In everyday usage we often think of discourse as the written word or as a certain theoretical viewpoint rather than material objects or matter. Built form appears at first sight as merely an object or collection of objects. We could, however, think of built form as also inherently encompassing the circumstances of its own production as well as its subsequent uses, interpretations, and transformations—that is, as producing and conveying meaning. Consequently, we can look upon built forms as texts that are written, read, and interpreted, that express and produce opinions, ideas, and behaviors, and thus are discursive. Architecture and urban design in the day-to-day encounter is often taken for granted and unquestioned, assumed to be neutral and to provide merely a backdrop vis-à-vis societal structures. Despite built form's seeming neutrality, it is created by those who control resources and is designed according to certain interests and with particular intentions.

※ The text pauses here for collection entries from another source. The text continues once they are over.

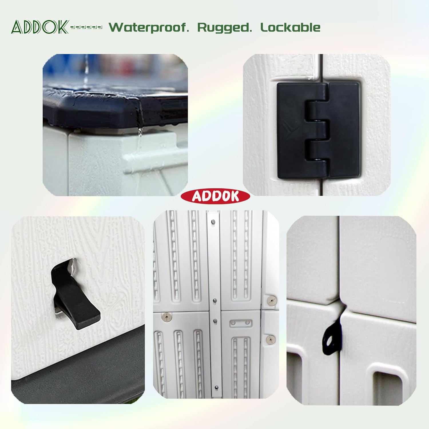- 【PERFECT FOR YOUR NEEDS】 ADDOK Storage Sheds are made of all weather-resistant HDPE resin which is suitable for outdoor use. it can also be locked to keep your tools safe. No matter placed indoor or outdoor, it will be perfect for storing garden tools, BBQ grills, firewood, seat cushions and two - 32Gal trash cans, swimming pool accessories, etc.
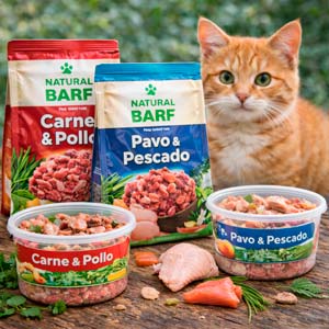 La alimentación natural para gatos apuesta por recetas con ingredientes frescos y mínimamente procesados. Dentro de esta categoría se encuentra la dieta BARF para gatos, basada en alimentos crudos biológicamente apropiados.
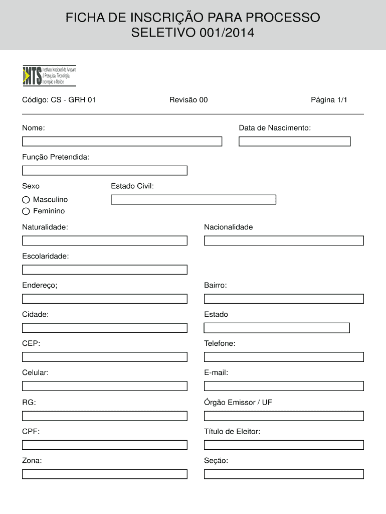 FICA de insert o para process selective 001/2014. C Diego: cs — GRH 01 revise o 00 ...
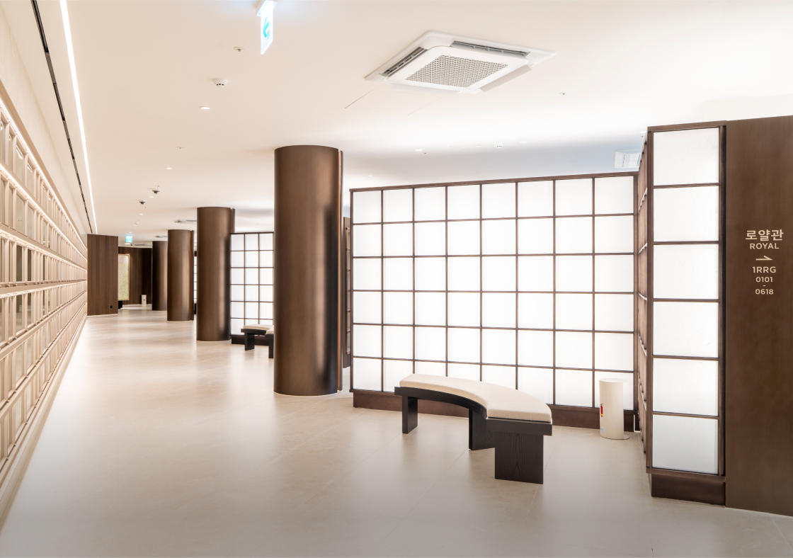 NOBLE, ROYAL 봉안실이 준비되어 있는 1층에는 아너스톤의 브랜드 철학과 지향점을 가장 직관적으로 보여주는 공간으로 ‘추모의 미학’과 ‘예술적 상징성’이 뚜렷하게 반영되어 있습니다.
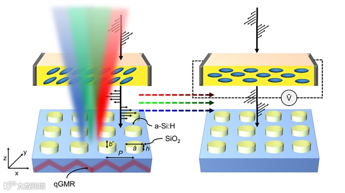 在传统显示器中,液晶(LC) 多年来一直是色彩再现的关键组件。它们的多功能性也导致了与超表面结合的许多应用,用于电可调活性纳米光子器件,包括结构颜色的示例。但对于基于活性超表面的结构颜色,仍然需要实现明亮、饱和的颜色以及深黑色状态。此外,管理明暗之间的间歇状态对于允许生成颜色渐变以通过访问整个色域来产生逼真的结果至关重要。到目前为止,这些功能尚未在单个可调超表面中实现。此外,使用LC 的可调谐结构颜色的示例依赖于等离子体超表面,其在蓝色波长处遭受不可避免的欧姆损失,限制了它们在这些波长上的适用性,并且黑色状态只能通过使用辅助偏振器来阻挡偏振与超表面相互作用后的光。

Modernist built form, as propagated by the Modern Movement, has in many instances been quite easily adapted from its original social reformatory intentions and deployed for oppressive ends. This malleability has enabled modernist planning and designs to be utilized by Western practitioners in a variety of colonial contexts, including Southern African apartheid rule. Due to this adaptability, modernist architecture and urban design practices used by apartheid regimes are capable of being appropriated and reworked by present-day urban practitioners. Given the fact that the same modernist built forms have been applied to widely different socio-political contexts it might appear as if these forms are politically unbiased. However, as I have suggested above, built form is more than an object or a neutral vessel, it evolves in association with changing political and economic interests. Built form derives its potency precisely by appearing neutral and normative, often even to its creators.

In Namibia, as in South Africa, apartheid architects and urban designers borrowed from the Modern Movement to produce exclusionary urban landscapes under the banner of “separate development.” Much research has addressed the negative effects and legacies of apartheid built forms on city residents in South Africa and Namibia, especially with respect to major urban centers (see figure 1).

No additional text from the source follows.